The echo of the lprint command will be the 1D code for this Atomic Variable. Copy and paste it to wherever it's needed.

The prime as the differentiation operator d/dx only works in 2D math.

The control over this behavior is via commands in the Typesetting package. There is a Typesetting Assistant (View Menu) that implements some of these behaviors.

Working in 2D math, fractions can be shilled upon input, but the Maple pretty-printer does not shill fractions on output. If I'm wrong about output behavior, I, too, would like to know how to make it happen.

The simplest way to graph vectors is to use the appropriate commands in the VectorCalculus package. I prefer the Student VectorCalculus package because it is more forgiving with respect to the need for defining coordinate systems and coordinate-variable names.

The commands to use are PlotVector and RootedVector. The PlotVector command will graph various kinds of vectors, including ones defined simply with angle brackets: <1,2,3>. The RootedVector command will attach a starting point to the definition of the vector so that you don't have to make the adjustments needed when using either of the "arrow" commands in Maple, one in the plottools package, and one in the plots package.

In addition to these two commands, I recommend the PositionVector and PlotPositionVector commands. The PositionVector command is for defining a curve or surface as a position vector. The PlotPositionVector command then draws the curve or surface, and admits the addition of arrows from a variety of vector fields defined along the curve or surface. These two commands are an extremely powerful and useful pair of visualization tools.

I have just completed an extensive project on surface curvature in which I installed the Student MultivariateCalculus package to get access to a CrossProduct and DotProduct command. I also used the alias command to define a shortcut to the commands I wanted in VectorCalculus. This way, I avoided the conflict between the simple dot and crossproduct operations in the MultivariateCalculus package, and the more entangled versions in VectorCalculus. So, I'd make calculations along the following lines.

with(Student:-MultivariateCalculus):
alias(VC=Student:-VectorCalculus):

A:=<1,2,3>:
B:=VC:-RootedVector(root=[1,2,3],<-2,3,1>):

VC:-PlotVector([A,B],color=[black,red],width=.1)

Took the function y=sqrt(1+x^2) (suggested by hyperbola, which has an asymptote), applied the asympt command to get its expansion about the point at infinity, and took the limit of the ratio of y to the first term in the asymptotic expansion, and got 1.

y:=sqrt(1+x^2);
asympt(y,x,2) # the "2" determines the order of the expansion. First term is x

limit(y/x,x=infinity)=1

In Windows, Control= will implement "Evaluate and Display Inline", and this option also appears in the Context Panel.

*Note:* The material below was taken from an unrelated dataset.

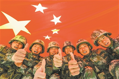 正在执行某项任务的陆军某旅作战支援营官兵为祖国点赞。宋石磊摄

There are several errors and misconceptions in the post.

The with command should not be followed by a multiplication operator. It would be entered as with(VectorCalculus), for example.

There is no package named Linalg. There is a deprecated package "linalg" but please don't use that package - it's no longer supported.

There is a Jacobian command in both the VectorCalculus, and the Student:-MultivariateCalculus packages. But they have different syntax, so read the help pages.

There is no Jacobian command in the LinearAlgebra package, although there was a "jacobian" command in the old linalg package.

The page "Definition,curvature" is from a third-party work that Maple incorporated into its help system many years ago. There is no guarantee that the definitions the Maple developers use when coding procedures match the definitions in that third-party work.

That being said, newer calculus books typically define curvature with |y"| in the numerator, so the curvature is always positive. This is in keeping with the generalization to higher dimensions where curvature of a space curve is defined as the length (necessarily positive) of a "curvature" vector.

I had an old calculus text (1927?) that defined plane curvature with just y" in the numerator, so there has been a drift in what is taken as "correct" over the years.